Terry Long

Personal information
- Full name: Terence Anthony Long
- Date of birth: 17 November 1934
- Place of birth: Tylers Green, England
- Date of death: 19 September 2021 (aged 86)
- Position: Defender

Youth career
- Arsenal

Senior career*
- Years: Team / Apps / (Gls)
- Wycombe Wanderers
- 1955–1970: Crystal Palace / 442 / (16)

Managerial career
- 1980: Millwall (caretaker)

= Terry Long (footballer) =

English footballer and manager (1934–2021)

Terence Anthony Long (17 November 1934 – 19 September 2021) was an English professional football player and coach, who played for Crystal Palace as a defender between 1955 and 1970 making a then record number of appearances for his only League club.

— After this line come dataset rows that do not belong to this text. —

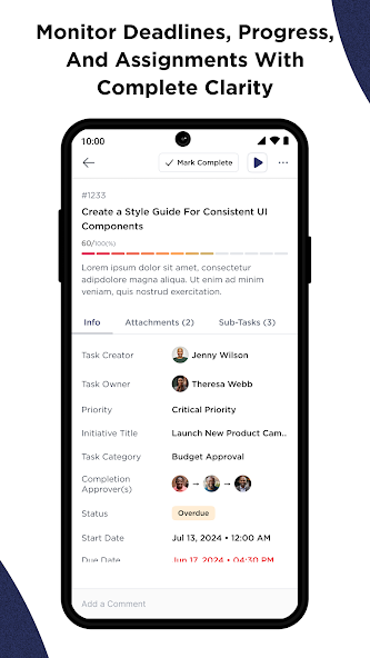 ? Task Details – View task details, track deadlines, monitor progress, and review assignments in one place.
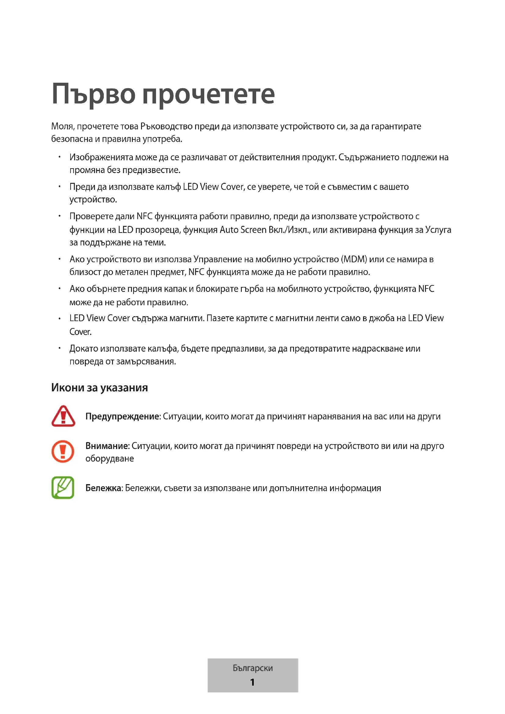 Докато използвате калъфа, бъдете предпазливи, за да предотвратите надраскване или повреда от замърсявания. Икони за указания Предупреждение: Ситуации, които могат да причинят наранявания на вас или на други Внимание: Ситуации, които могат да причинят повреди на устройството ви или на друго
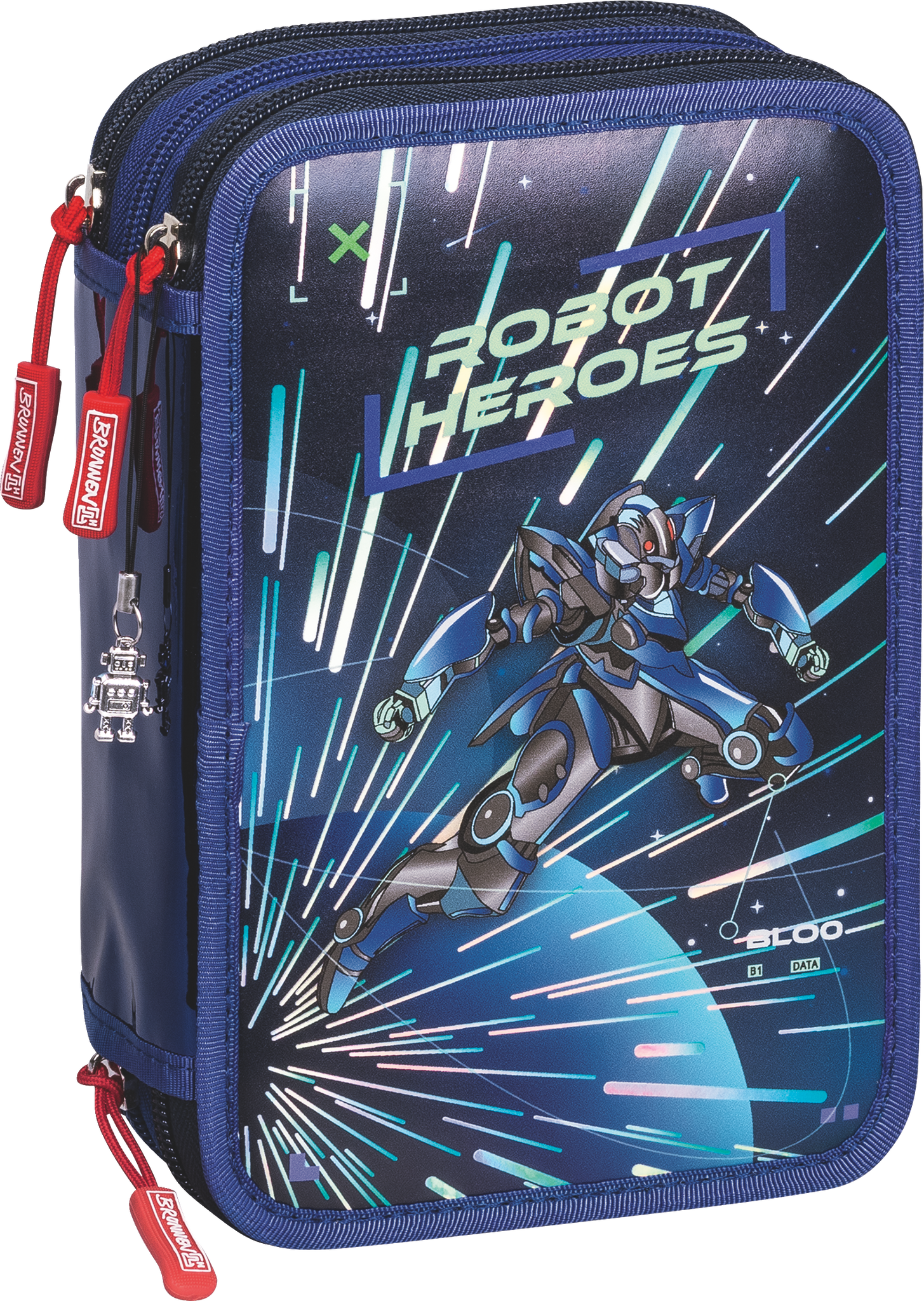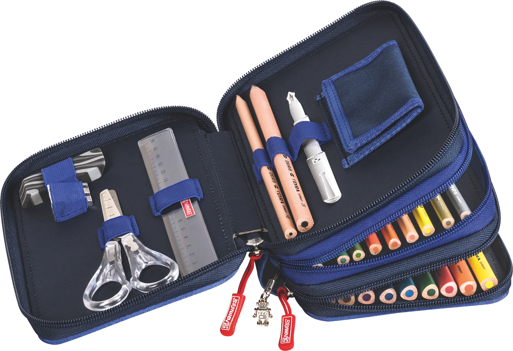 Kunstleder, Farbe: dunkelblau, 3 Reißverschlüsse, Inhalt: 18 dünne Markenbuntstifte, 9 dicke Markenbuntstifte, 2 Markenbleistifte, Lineal 16 cm, Metalldoppelspitzer, Radiergummi, Kinderschere, Geldfach mit Klettverschluss, mit Anhänger
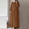 Muslim Women's Plus Size Fashion Bow Tie Lapel Solid Color Long Sleeve Shirt Sundress Pocket Loose Long Dress
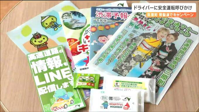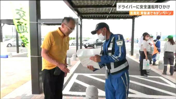 夏の行楽シーズンの交通死亡事故を防ごうと宮城県亘理町の常磐自動車道で、ドライバーに安全運転を呼び掛けるキャンペーンが行われました。
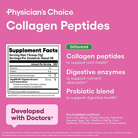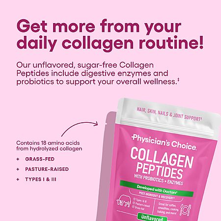 Physician's CHOICE Collagen Peptides - Hydrolyzed Protein Powder for Hair, Skin, Joints - Grass Fed, Non-GMO $11.99
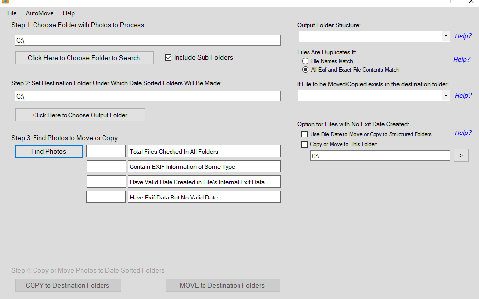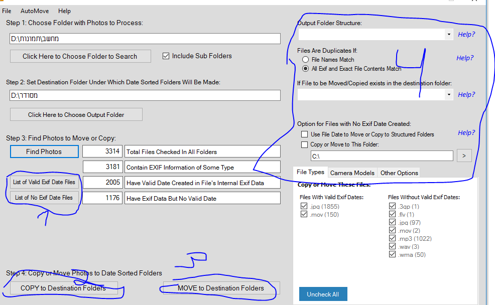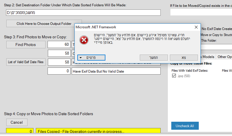 בעצם הוא פטר אותך עקב תקלה מהקשת מייל וסיסמא, בכל מקרה בשורה העליונה אתה מזין את התיקייה \ הכונן שברצונך לסרוק כדי למצוא תמונות ובשורה השניה מתחת אתה מציין את כונן היעד בו יווצרו התיקיות החדשות המסודרות - בלחיצה על Find Photos התהליך של הסריקה יתחיל ולאחר מכן אתה בוחר האם להעביר את התמונות כך שרק היעד יישאר או להעתיק אותן כך שגם המקור יישאר - מומלץ יותר כמובן.
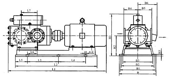 | 泵型號 | 機(jī)座號 | L1 | L2 | L3 | L4 | L5 | L6 | L7 | B1 | B2 | B3 | B4 | B5 | B6 | B7 | H1 | H2 | H3 | n-d |
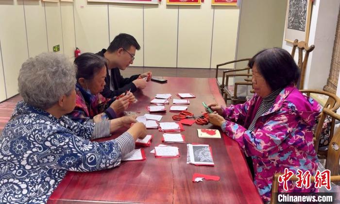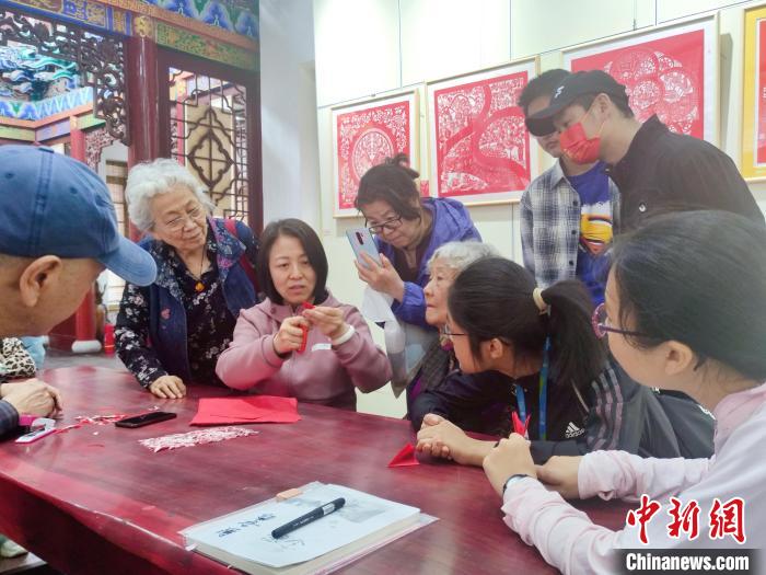 传承人梁盛萍现场传授剪纸技艺。梁盛萍供图
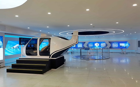 采用160°水平視角環(huán)幕, 24㎡超大觀影體驗(yàn),支持300萬(wàn) 面超大規(guī)模虛擬現(xiàn)實(shí)場(chǎng)景實(shí)時(shí) 漫游,4160*1440 屏幕分辨率 高清數(shù)字媒體播放。墻上展現(xiàn) 了紫薇花飛船的編年史,增加 科技感。
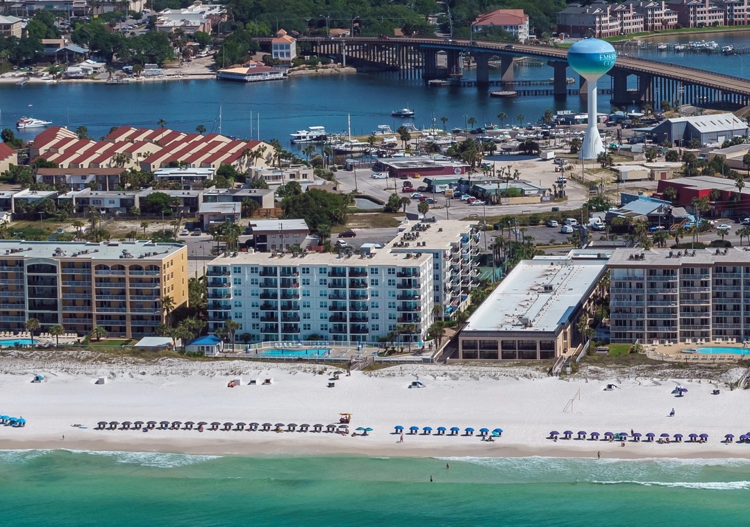 Nearby attractions within walking distance include the Okaloosa Island Fishing Pier and Gulfarium featuring live shows, restaurants such as The Black Pearl, Anglers, Fudpuckers, The Crab Trap, and miniature golf.
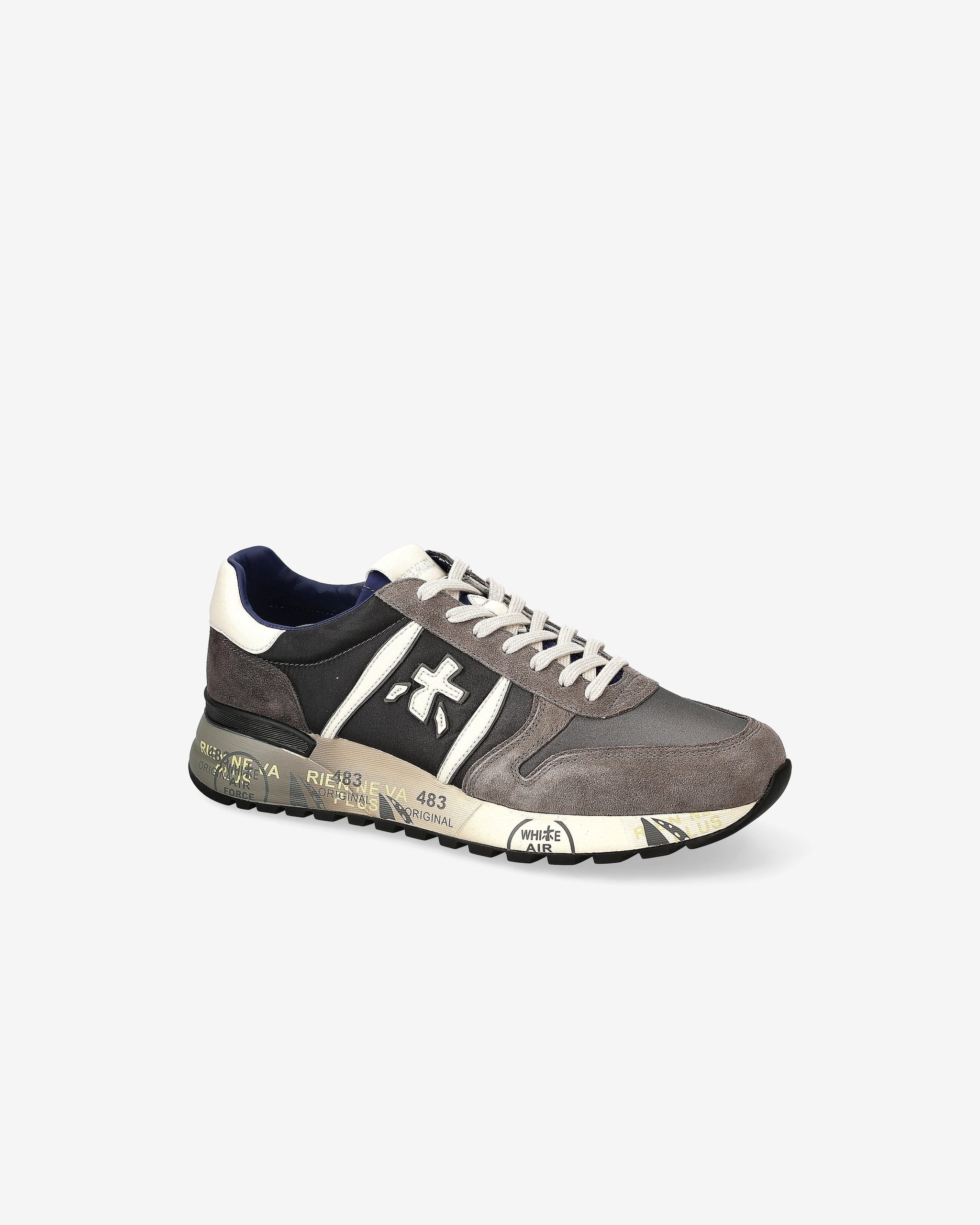 Lander sneakers made of soft suede leather and nylon in the shade of gray. The look is enhanced by the unmistakable Premiata logo and colorful details on the sole. Ergonomic and super lightweight outsole.
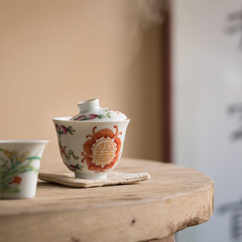 Five Fufu Shouqing Scented Self to dark fragrant floating Buddha Lid Bowl Qingxiang Self-Come (one cover of two cups) (One) Qingxiang Self-Come (one cover of two cups) (two) Five Fuchou (one cover bowl for two cups) imitation of ancient glaze
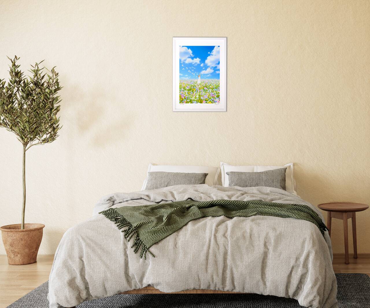 あゆわらの企画・制作・販売の作品。 画用紙のような質感の高級アート紙を採用。 発色が豊かなので繊細な色を忠実に再現。 印画紙ではないので、絵なのか写真なのか迷う不思議な印象です。 紙に光沢がなく、光を反射しないので、 蛍光灯の光で作品が見えづらくなることもありません。 色の再現性もこだわりました。 色調整は、最新技術で厳密に行うことが出来ます。正確に色を再現できるデジタル印刷で一枚一枚制作。 品質をチェックし、合格したものにあゆわらのエンボス印を入れて完成となります。
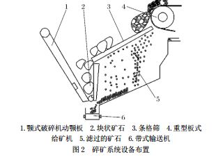 該礦碎礦系統(tǒng)工藝流程如圖1所示,設(shè)備布置如圖2所示,來料首先通過條格篩進(jìn)行篩選。
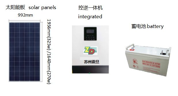 Solar panels325w*5,batteries 12v100Ah*6、2kva integrated machine
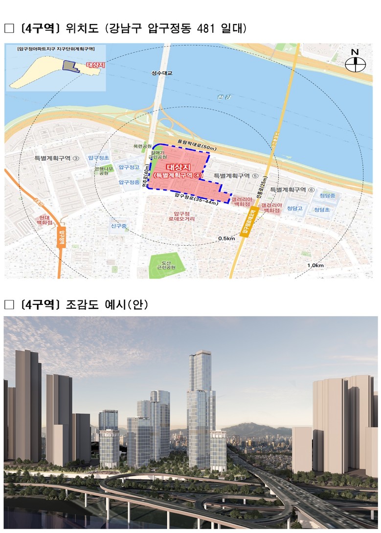 압구정4구역은 준공 후 약 44년이 경과된 노후 아파트를 재건축하는 사업지로, 서울시는 용적률 300% 이하, 9개동 1,664세대(공공주택 193세대 포함), 최고 높이 250m 규모로 한강변의 매력적인 수변 주거문화를 선도하는 공동주택단지를 공급할 계획이다.

==Early and personal life==
Long was born in Tylers Green, Buckinghamshire on 17 November 1934. He attended the Royal Grammar School High Wycombe from 1946 to 1951.

==Playing career==
Long, who played as a defender, began his playing career as an amateur with Arsenal, before signing for his local team Wycombe Wanderers at that time a non-league club competing in the Isthmian League. In May 1955, he signed for Crystal Palace, and went on to make over 400 appearances in the Football League before retiring as a player in 1970.

During Long's playing career, he appeared for Palace initially in the old Third Division South and then in the fourth, third and second tiers of the League after reorganisation in 1958. In doing so, he put together a sequence of 214 consecutive appearances and was a part of the 1961 and 1964 promotion sides. However, he made only two appearances in the 1968–69 season which saw Palace reach the top flight for the first time but although he remained a player until the 1970 close season, did not make an appearance in the old First Division during the 1969–70 season. He thus played for Crystal Palace in four different divisions of the League, but not in the top flight.

==Coaching career==
After retirement, Long remained at Palace as a coach, and in 1972, was appointed assistant manager to Bert Head. However, when Head was replaced by Malcolm Allison in 1973, Long also left Crystal Palace.

He later had a spell as caretaker manager of Millwall, reverting to assistant manager until he was sacked during the 1982–83 season.

==Later life and death==
He died on 19 September 2021, aged 86.